Aim of the task: The material below holds the lines to copy: from the one with "Excellent condition white" up to and including the one with "Zum Schluß wurde". Copy them exactly and skip the pictures.

Data excerpts:
- - - - -

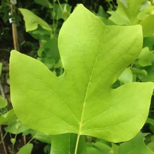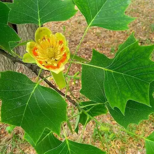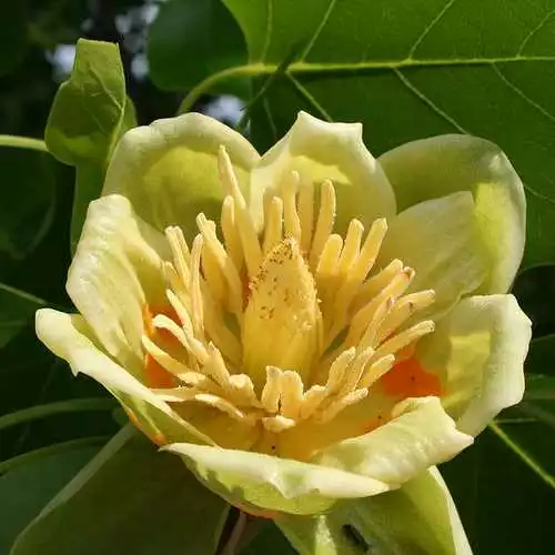A magnificent specimen tree for a park or very large garden, Liriodendron tulipifera is a large, fast-growing, long-lived tree with a broadly conical outline. The leaves are bright green and shiny with a very distinctive shape, lobed but with an almost squared-off end; they turn rich yellow in autumn. The flowers are enormous, green and orange and tulip-shaped, hence the common name Tulip Tree. The flowers appear in July, more prolifically in warmer areas, but the tree does not flower until it’s about 25 years old. Holds the RHS Award of Garden Merit.
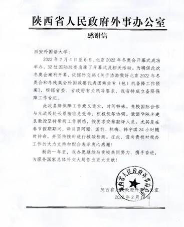 2022 .05 .27陕西省人民政府外事办公室就我校教师助力北京2022年冬奥会开幕式发来感谢信
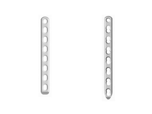 The mini LC-DCPs and LCPs utilize the standard LC-DCP and locked plate design with a few minor changes. The plates feature the standard toe nail design for MIPO at one end of the plate.
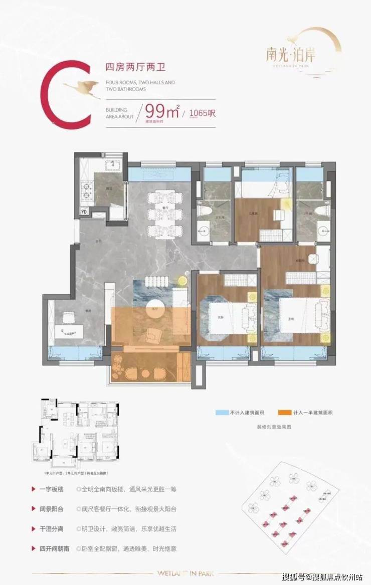 居住舒适:容积率低至 1.7,楼间距超 43 米,绿化率较高,车位充足,且为全南向社区,户户朝南,采光好。
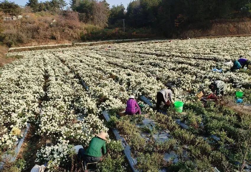据悉,徐家坳村是新儒学大师徐复观的故乡,村里的菊花种植是从2020年开始的,经历三年的逐步壮大,现今已成为当地的特色产业,拓宽村民增收渠道。种植菊花的农户年均销售收入可达12866元,带动就业近百人。浓郁的菊花墙下,尽显儒家书卷气息。
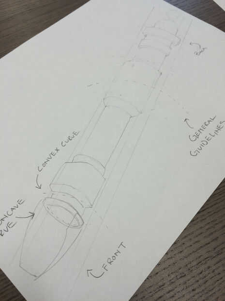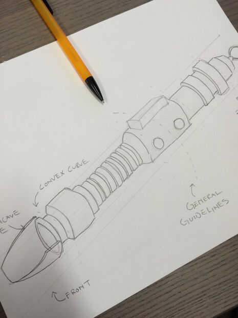 3 - Comience agregando algunas líneas y la forma general de la espada. Las líneas que añade pueden ser dondequiera desea y puede extenderse más allá de sus líneas rectas originales crear un sable de luz que tiene diferentes componentes tamaño.
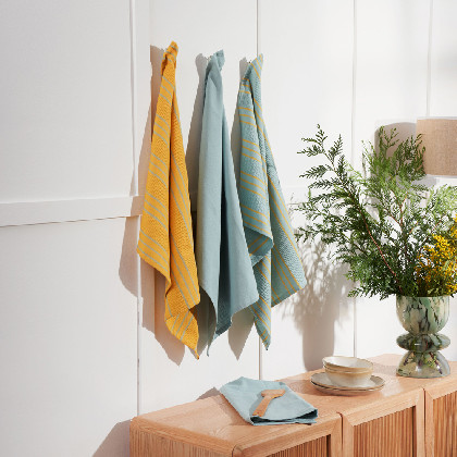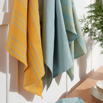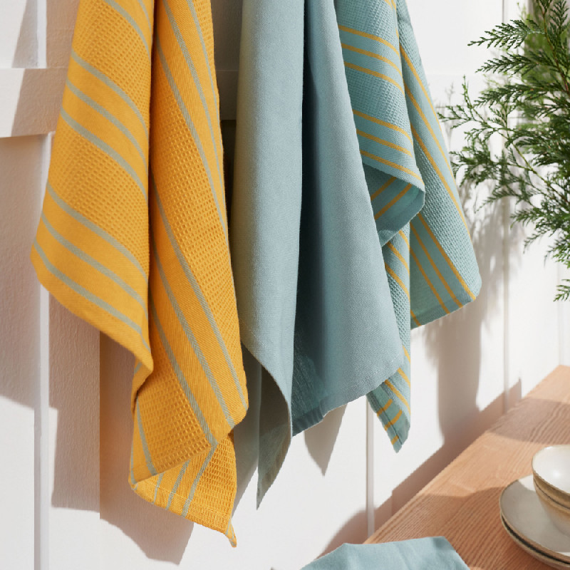 A waffle kitchen towel. Made with a double-sided fabric: waffle on one side and terry on another. This combination offers high absorbency and a light weight. 400 gsm 100% cotton. Very soft and absorbent, ideal for drying glasses and dishes, or cleaning surfaces. Care advises: maximum washing temperature 60°C. Not to use fabric softeners, dry on air or short circle tumble dry. Available in different plain colours. Combine them as you like and give your kitchen a cheerful and modern touch.
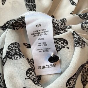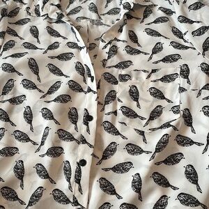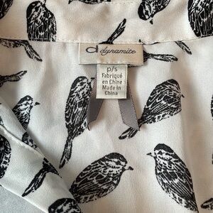 Excellent condition white with black birds 3/4 length sleeve collared button up sheer blouse by Dynamite. Cute tie at the bottom of the blouse’s front. Buttons to do up sleeves.
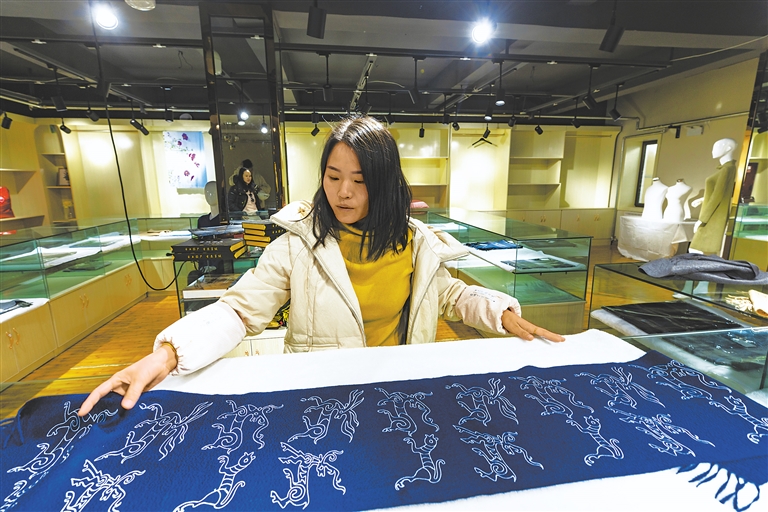 圖為日土縣白山羊絨產(chǎn)業(yè)展示中心的工作人員展示印有日土巖畫圖案的“指環(huán)披肩”。新華社記者 姜帆 攝
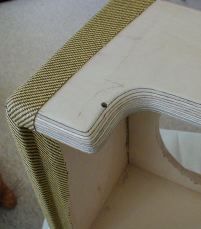 Zum Schluß wurde das Gehäuse 4 x mit Nitrolack klar gestrichen. Damit ist der Tweed Gloth besser geschützt, und durch die Vergilbung des Lackes bekommt das ganze eine schönere Farbe.
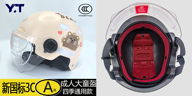 3C 전기 오토바이 헬멧 여름 배터리 자동차 안전 헬멧 귀여운 할리 하프 헬멧 유니섹스 사계절 만화스토어 가기
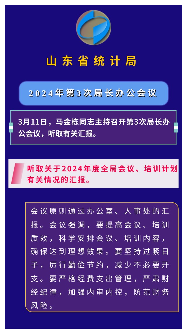会议内容:3月11日,马金栋同志主持召开第3次局长办公会议,听取办公室、人事处关于2024年度全局会议、培训计划有关情况的汇报。
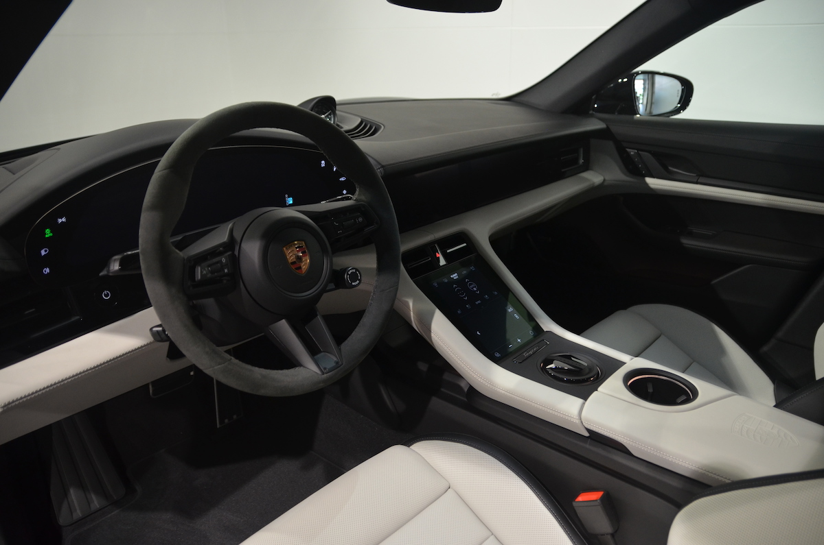Interiören bjuder på läderklädsel, adaptiva 18-vägs sportstolar med minne, sätesventilation fram, eluppvärmda stolar fram och bak samt eluppvärmd ratt i Race-Tex. Panoramatak i glas ger en ljus och rymlig kupé, medan BOSE® surroundljud, passagerardisplay, Head-Up Display och Porsche Electric Sport Sound höjer körupplevelsen ytterligare. Säteskonfiguration 4+1 ger flexibel plats för familj och vänner.
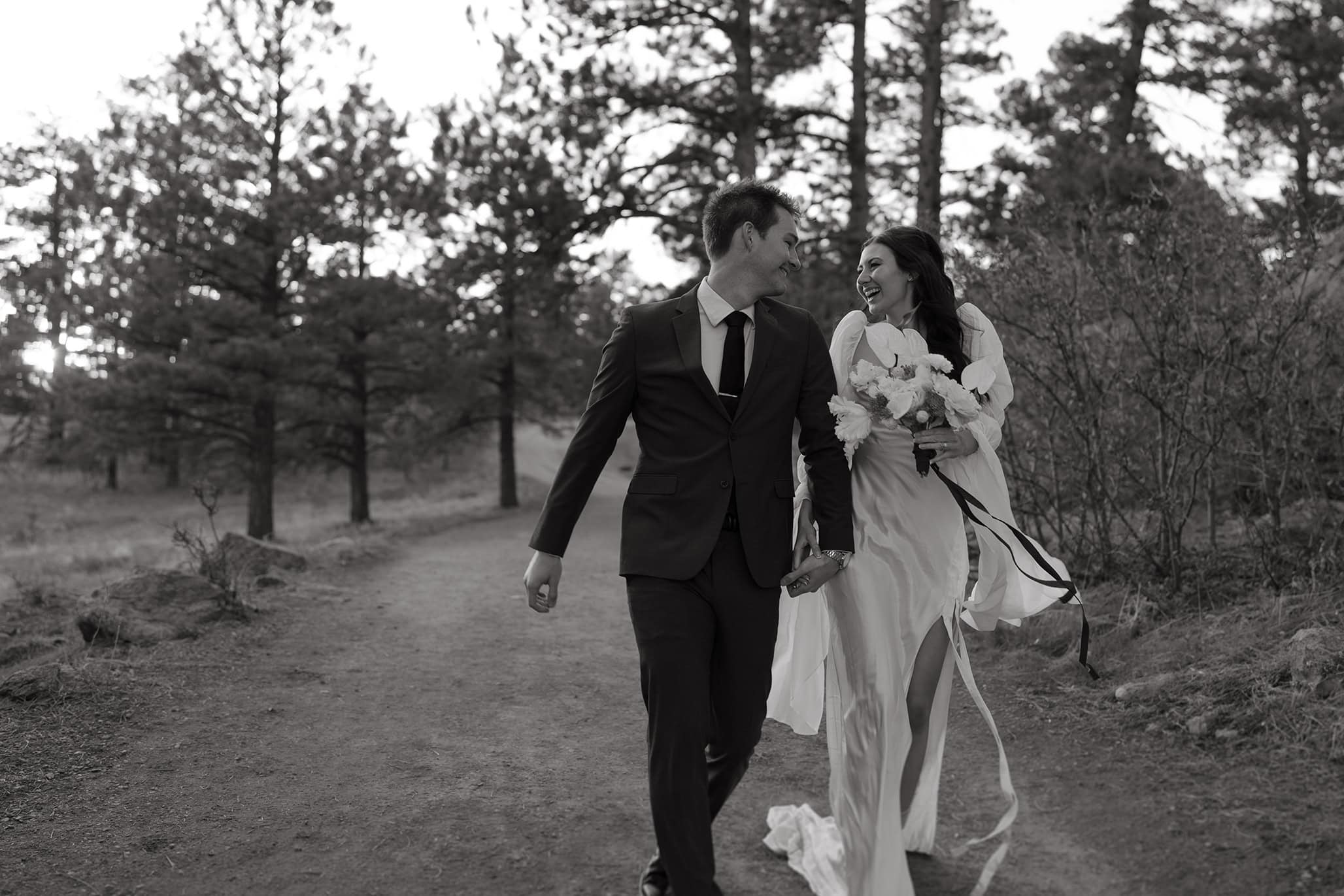 Outdoor elopements are a way for couples to embrace the freedom of a fulfilling wedding day experience in natural landscapes, and that freedom comes with a responsibility to take care of the earth. Traditional weddings produce an average of 400 pounds of trash, so eloping is already a step in the right direction in terms of reducing impact. But, I’m so glad to say we don’t just stop there. All of my elopement packages include a 10% donation to organizations working to further environmental sustainability efforts, and I have a very candid and open conversation with couples who work with me about the importance of the 7 Leave No Trace Principles. It’s one of the biggest parts of my business, because if we don’t take care of the landscape we recreate in, those places are at a grave risk of losing what makes them special. Eloping outdoors is such an incredible thing we have the choice to do, and I never want to forget just how lucky we are to have access to these beautiful spaces. The landscapes my couples elope in are home to rushing rivers, wide open meadows, towering mountains, quiet wildlife, and an atmosphere that just can’t be replicated. If these lands get destroyed because people disrespect them over time, that damage will be irreparable. I’m so proud to be an advocate of Leave No Trace, and I get to work with some of the most amazing couples who truly do care about keeping these outdoor spaces pristine and beautiful for years to come. Some of the practical ways we work together to make sure that happens is by staying on trail and durable surfaces while hiking, keeping our distance from wildlife, and never doing anything that emulates destructive activity just for the sake of a cool photo such as standing in a wildflower field or using a confetti canon. For couples who invite guests to celebrate with them, I provide copy and paste email templates for them to share that help explain why Leave No Trace is so important. I’ve spent many hours preparing free resources for couples that want to have an elopement that’s as eco-friendly as possible by compiling a list of my favorite ethical and sustainable wedding dress brands, providing alternative ideas on how to have a fun elopement without the traditional wastefulness, and suggesting sustainability-focused accommodation options.

- - - - -

Exercise answer:
 Excellent condition white with black birds 3/4 length sleeve collared button up sheer blouse by Dynamite. Cute tie at the bottom of the blouse’s front. Buttons to do up sleeves.
 圖為日土縣白山羊絨產(chǎn)業(yè)展示中心的工作人員展示印有日土巖畫圖案的“指環(huán)披肩”。新華社記者 姜帆 攝
 Zum Schluß wurde das Gehäuse 4 x mit Nitrolack klar gestrichen. Damit ist der Tweed Gloth besser geschützt, und durch die Vergilbung des Lackes bekommt das ganze eine schönere Farbe.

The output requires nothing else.